A sly smile creased her mouth. She was enjoying this. As much as it shamed him to admit it, he found that hot as well.
“How many rounds you got for that Mossberg?” she asked.
“Couple boxes. Maybe three.” Their gazes locked, and something passed between them that words could never describe. For a second or two, it made him light-headed. He shook his head, and
the sensation disappeared as quickly as it had arrived. “Why? You want me to blast them all full of holes?”
Gwen shook her head. “I don’t think that’s necessary. But you could make sure their car won’t run if they get it out of the water.”
“As you wish.” After reloading the shotgun, he opened the door and stepped out of the truck.
The other reapers were still trapped inside the station wagon, apparently arguing over what to do next. The driver kept trying to start the car while the passenger was twisted around in his seat, his hands waving in the air and his rifle propped against the dashboard. A guy in the back seat was nodding while the woman beside him scowled. All fighting ceased the instant they noticed Dmitri, and their eyes widened with shock.
Shit. Now that he was close, he recognized the driver. It was that lunatic Edwin Pierce. For the life of him, Dmitri could not understand why Samuel kept the crazy bastard in the field. A conspiracy junkie, he was the kind of guy who hoarded canned goods and gasoline in his heavily fortified underground bunker. He was also the kind of guy who’d hunt them to the ends of the earth.
With the butt of the Mossberg tucked snug against his shoulder, Dmitri aimed and fired. Pierce ducked behind the dashboard a split second before the slug tore a hole through the windshield on the driver’s side and burrowed into the front seat. The other reapers dove for the floorboards and vanished from view. Dmitri racked another shell into the chamber, aimed, and blew the radiator apart. For the sake of being thorough, he kept pulling the trigger, hammering rounds into the station wagon until the firing pin clicked against the empty chamber.

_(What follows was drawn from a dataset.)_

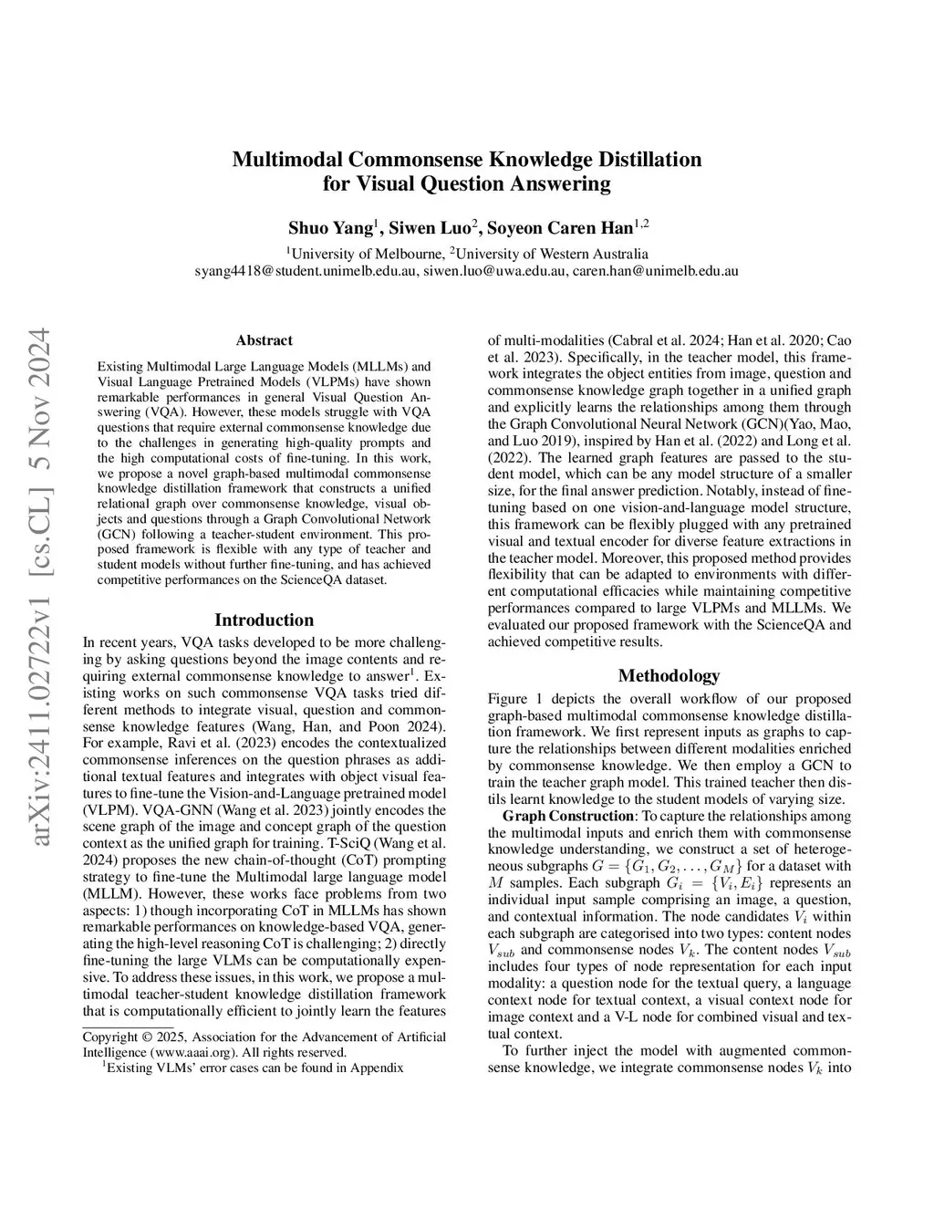 Existing Multimodal Large Language Models (MLLMs) and Visual Language Pretrained Models (VLPMs) have shown remarkable performances in the general Visual Question Answering (VQA). However, these models struggle with VQA questions that require external commonsense knowledge due to the challenges in generating high-quality prompts and the high computational costs of fine-tuning. In this work, we propose a novel graph-based multimodal commonsense knowledge distillation framework that constructs a unified relational graph over commonsense knowledge, visual objects and questions through a Graph Convolutional Network (GCN) following a teacher-student environment. This proposed framework is flexible with any type of teacher and student models without further fine-tuning, and has achieved competitive performances on the ScienceQA dataset.

Satisfied, he slung the shotgun over his shoulder and got back into the truck.
“Nice shooting, Tex,” Gwen said with a grin after he closed the door and put on his seat belt.
“Did you see who was driving?”
She shook her head. “No, I couldn’t make him out. Who is it?”
“Your boy Pierce.”
A frown replaced her grin. “Patrick knows how much I hate that guy.” Of all the reapers she’d ever encountered, Pierce was the only one she considered unworthy of the second chance he’d been given.